**EXERCISE AIM**
What are the lines below, starting at the line containing "So how does" and ending at the line containing "從工廠生產(chǎn)情況了"? Write them out exactly, ends included, without pictures.

**DATA LISTING**
· · ·
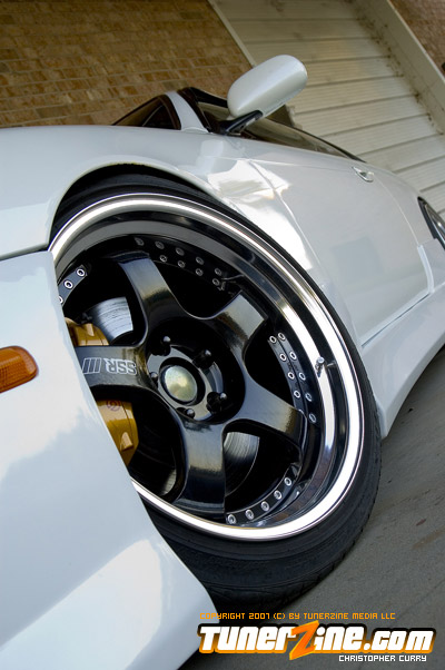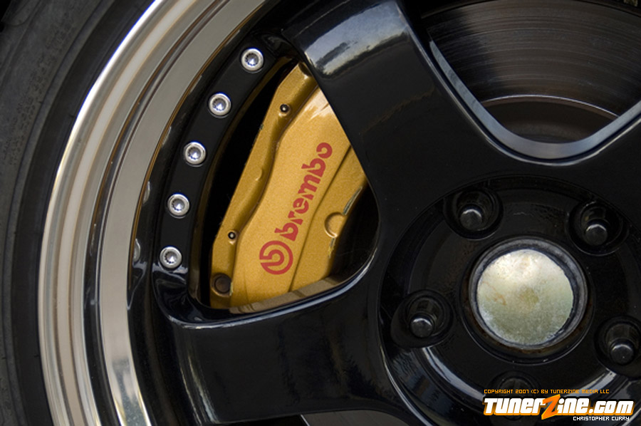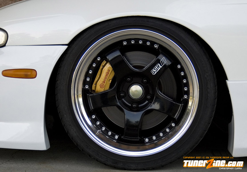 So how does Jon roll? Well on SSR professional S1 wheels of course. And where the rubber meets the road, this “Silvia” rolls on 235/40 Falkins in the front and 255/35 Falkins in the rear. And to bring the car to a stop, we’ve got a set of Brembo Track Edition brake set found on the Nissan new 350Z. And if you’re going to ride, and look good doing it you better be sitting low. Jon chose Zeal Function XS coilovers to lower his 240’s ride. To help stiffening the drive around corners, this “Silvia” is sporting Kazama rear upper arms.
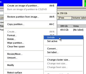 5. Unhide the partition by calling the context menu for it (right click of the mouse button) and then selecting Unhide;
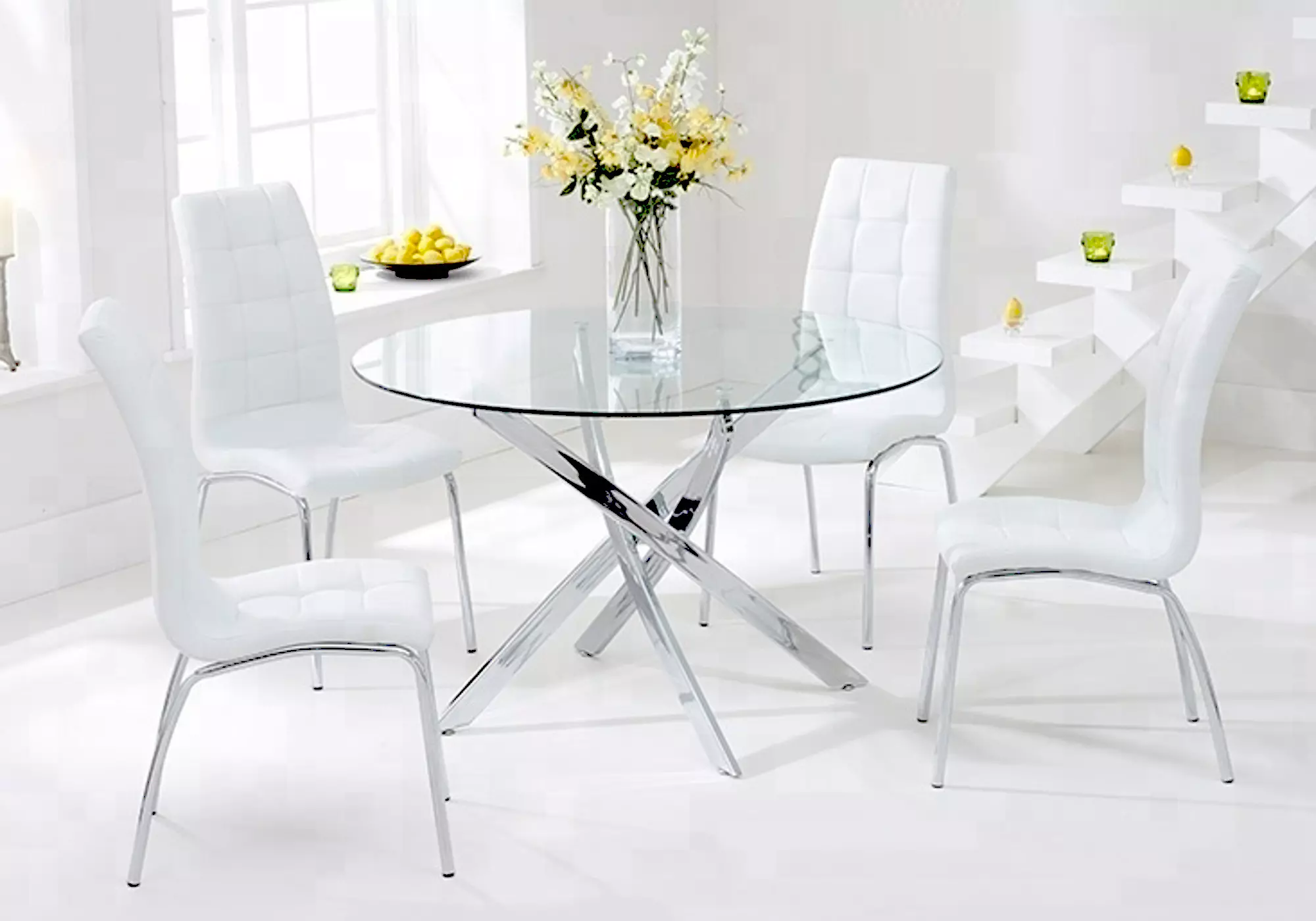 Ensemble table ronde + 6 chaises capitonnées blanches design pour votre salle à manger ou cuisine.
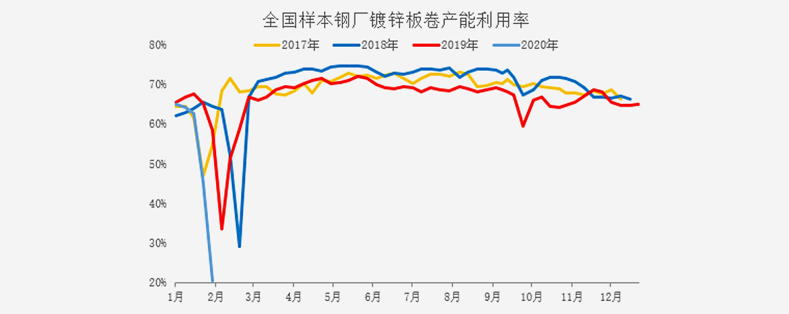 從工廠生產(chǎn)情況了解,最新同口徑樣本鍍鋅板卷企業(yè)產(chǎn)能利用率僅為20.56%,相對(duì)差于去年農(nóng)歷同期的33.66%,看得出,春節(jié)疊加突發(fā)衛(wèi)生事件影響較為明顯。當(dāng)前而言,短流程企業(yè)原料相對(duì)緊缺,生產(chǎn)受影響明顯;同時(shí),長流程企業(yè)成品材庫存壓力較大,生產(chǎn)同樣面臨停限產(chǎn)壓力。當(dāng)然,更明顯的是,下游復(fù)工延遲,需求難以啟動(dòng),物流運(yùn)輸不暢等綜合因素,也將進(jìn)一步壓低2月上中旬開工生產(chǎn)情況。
· · ·
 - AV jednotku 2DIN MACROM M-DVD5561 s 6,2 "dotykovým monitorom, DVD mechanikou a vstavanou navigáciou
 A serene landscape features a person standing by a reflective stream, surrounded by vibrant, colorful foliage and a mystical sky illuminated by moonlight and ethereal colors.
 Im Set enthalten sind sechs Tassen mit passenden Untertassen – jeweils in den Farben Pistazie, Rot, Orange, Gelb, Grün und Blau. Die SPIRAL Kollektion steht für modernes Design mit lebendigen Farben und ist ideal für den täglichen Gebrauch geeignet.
· · ·
**OUTPUT OF THE TASK**
 So how does Jon roll? Well on SSR professional S1 wheels of course. And where the rubber meets the road, this “Silvia” rolls on 235/40 Falkins in the front and 255/35 Falkins in the rear. And to bring the car to a stop, we’ve got a set of Brembo Track Edition brake set found on the Nissan new 350Z. And if you’re going to ride, and look good doing it you better be sitting low. Jon chose Zeal Function XS coilovers to lower his 240’s ride. To help stiffening the drive around corners, this “Silvia” is sporting Kazama rear upper arms.
 5. Unhide the partition by calling the context menu for it (right click of the mouse button) and then selecting Unhide;
 Ensemble table ronde + 6 chaises capitonnées blanches design pour votre salle à manger ou cuisine.
 從工廠生產(chǎn)情況了解,最新同口徑樣本鍍鋅板卷企業(yè)產(chǎn)能利用率僅為20.56%,相對(duì)差于去年農(nóng)歷同期的33.66%,看得出,春節(jié)疊加突發(fā)衛(wèi)生事件影響較為明顯。當(dāng)前而言,短流程企業(yè)原料相對(duì)緊缺,生產(chǎn)受影響明顯;同時(shí),長流程企業(yè)成品材庫存壓力較大,生產(chǎn)同樣面臨停限產(chǎn)壓力。當(dāng)然,更明顯的是,下游復(fù)工延遲,需求難以啟動(dòng),物流運(yùn)輸不暢等綜合因素,也將進(jìn)一步壓低2月上中旬開工生產(chǎn)情況。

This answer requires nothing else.